But let me state clearly, we need to know the answers. If things went wrong, why? And what we must do to uphold the standards that people expect.
Mr. Speaker, I have asked the Rt. Hon. Sir Peter Gibson, former senior Court of Appeal judge and currently the statutory Commissioner for the Intelligence Services, to lead the inquiry.
The three member inquiry team will also include Dame Janet Paraskeva, head of the Civil Service Commissioners, and Peter Riddell, former journalist and senior fellow at the Institute for Government.
I have today made public a letter to the Inquiry chair setting out what the Inquiry will cover, so Sir Peter Gibson can finalise the details with us before it starts. We hope it will start before the end of this year and will report within a year.
This inquiry can not and will not be costly or open-ended that serves neither the interest of justice nor national security.
Neither can it be a full Public Inquiry. Of course, some of its hearings will be in public. However, we must be realistic. Inquiries into our intelligence services are not like other inquiries. There is some information that must be kept secret information about sources, capabilities and partnerships.
Let’s be frank, it is not possible to have a full public inquiry into something that is meant to be secret. So any intelligence material provided to the Inquiry panel will not be made public and nor will intelligence officers be asked to give evidence in public.
But that does not mean we cannot get to the bottom of what happened.
This Inquiry will be able to look at all the information relevant to its work, including secret information.
It will have access to all relevant government papers including those held by the intelligence services.
And it will be able to take evidence in public including from those who have brought accusations against the Government and their representatives, and interest groups.
Importantly, Mr Speaker, the head of the civil service and the intelligence services will ensure the Inquiry gets the full co-operation it needs from departments and agencies.
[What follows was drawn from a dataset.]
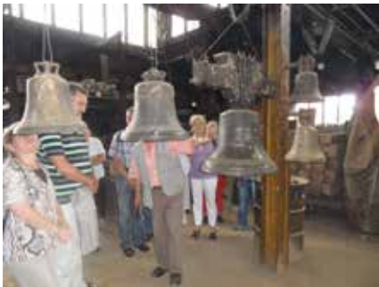
In der Glockengießerei in Brockscheid

So I am confident the Inquiry will reach an authoritative view on the actions of the state and our services and proper recommendations for the future.
Mr. Speaker, just as we are determined to resolve the problems of the past so are we determined to have greater clarity about what is and what is not acceptable in the future.
That’s why today, we are also publishing the guidance issued to intelligence and military personnel on how to deal with detainees held by other countries. The previous Government had promised to do this, but didn’t. We are.
It makes clear that:
One our Services must never take any action where they know or believe that torture will occur.
Two if they become aware of abuses by other countries they should report it to the UK government so we can try to stop it.
And three in cases where our Services believe that there may be information crucial to saving lives but where there may also be a serious risk of mistreatment, it is for Ministers rightly to determine the action, if any, our Services should take.
My Rt. Honourable colleagues the Foreign, Home and Defence Secretaries have also today laid in the House further information about their role in these difficult cases.
Mr. Speaker, there’s something else we have to address and that is how court cases deal with intelligence information.
Today, there are serious problems. The services can’t disclose anything that’s secret in order to defend themselves in court with confidence that it will be protected.
There are also doubts about our ability to protect the secrets of their allies and stop them from ending up in the public domain.
This has strained some of our oldest and most important security partnerships in the world in particular that with America.
Honourable Members should not underestimate the vast two-way benefit this US-UK relationship has brought in disrupting terrorist plots and saving lives. So we need to deal with these problems.
We hope the Supreme Court will provide further clarity on the underlying law within the next few months.
And next year, we will publish a Green Paper which will set out our initial proposals for how intelligence is treated in the full range of judicial proceedings, including addressing the concerns of our allies.
In this process the Government will seek the views of the cross-party Intelligence and Security Committee.
And I can announce that I have appointed the Rt. Hon Member for Kensington as the Chair of that Committee for the duration of this Parliament.
Mr. Speaker, as we meet in the relative safety of this House today, let us not forget this. As I speak, al-Qaeda operatives in Yemen are meeting in secret to plot attacks against us terrorists are preparing to attack coalition forces in Afghanistan the Real IRA are planning their next strike against security forces in Northern Ireland and rogue regimes are still trying to acquire nuclear weapons.
At the same time men and women, young and old, all of them loyal and dedicated, are getting ready to work again around the world.
They will be meeting sources, translating documents, listening in on conversations, replaying CCTV footage, installing cameras, following terrorists all to keep us safe from these threats.
We cannot have their work impeded by these allegations.
We need to restore Britain’s moral leadership in the world.
That’s why we are determined to clear things up.
And I commend this statement to the House.